Kieran Michael O'Regan (born 9 November 1963) is an Irish former footballer and football manager who played and managed in England. He now works as a football commentator for  BBC Radio Leeds with Paul Ogden, covering Huddersfield Town matches.

Playing career
O'Regan was signed by Brighton and Hove Albion in 1982 from Tramore Athletic. Whilst at Brighton he gained 4 caps for the Ireland team in 1984. He played a season for Swindon Town before getting a transfer to Huddersfield Town A.F.C. in 1988 signed by his former Ireland manager Eoin Hand. He spent six seasons with Town making 199 league appearances.
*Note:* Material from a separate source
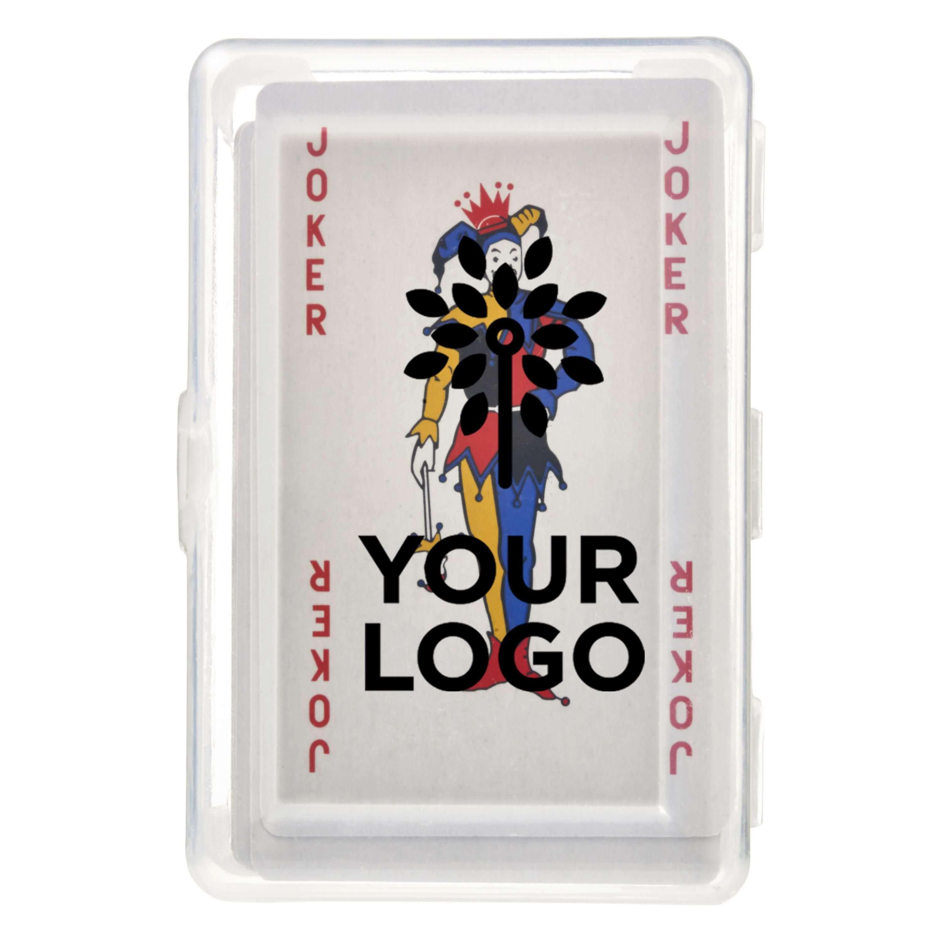 Baralho clássico de cartas em caixa PET transparente. 54 cartas no total.

After a spell at West Bromwich Albion he returned to West Yorkshire to join Halifax Town. He jointly managed the side with George Mulhall from February 1997 to August 1998. During this time he was also the captain of the Halifax team who finished the 1997/98 as champions of the Football Conference. He became the sole manager in August 1998 following Mulhall's retirement. However, he lasted less than a full season in this role and was sacked in April 1999.

International career
O'Regan gained 4 caps for the Ireland team in 1984 during his time playing for Brighton.

Managerial career
O'Regan started his managerial career with Halifax Town where he jointly managed the side with George Mulhall from February 1997 to August 1998 during which time he also captained the side.
O'Regan became the sole manager in August 1998 following Mulhall's retirement. However, he lasted less than a full season in this role and was sacked in April 1999.

After football
O'Regan currently works as a summariser covering Huddersfield Town games on BBC Radio Leeds.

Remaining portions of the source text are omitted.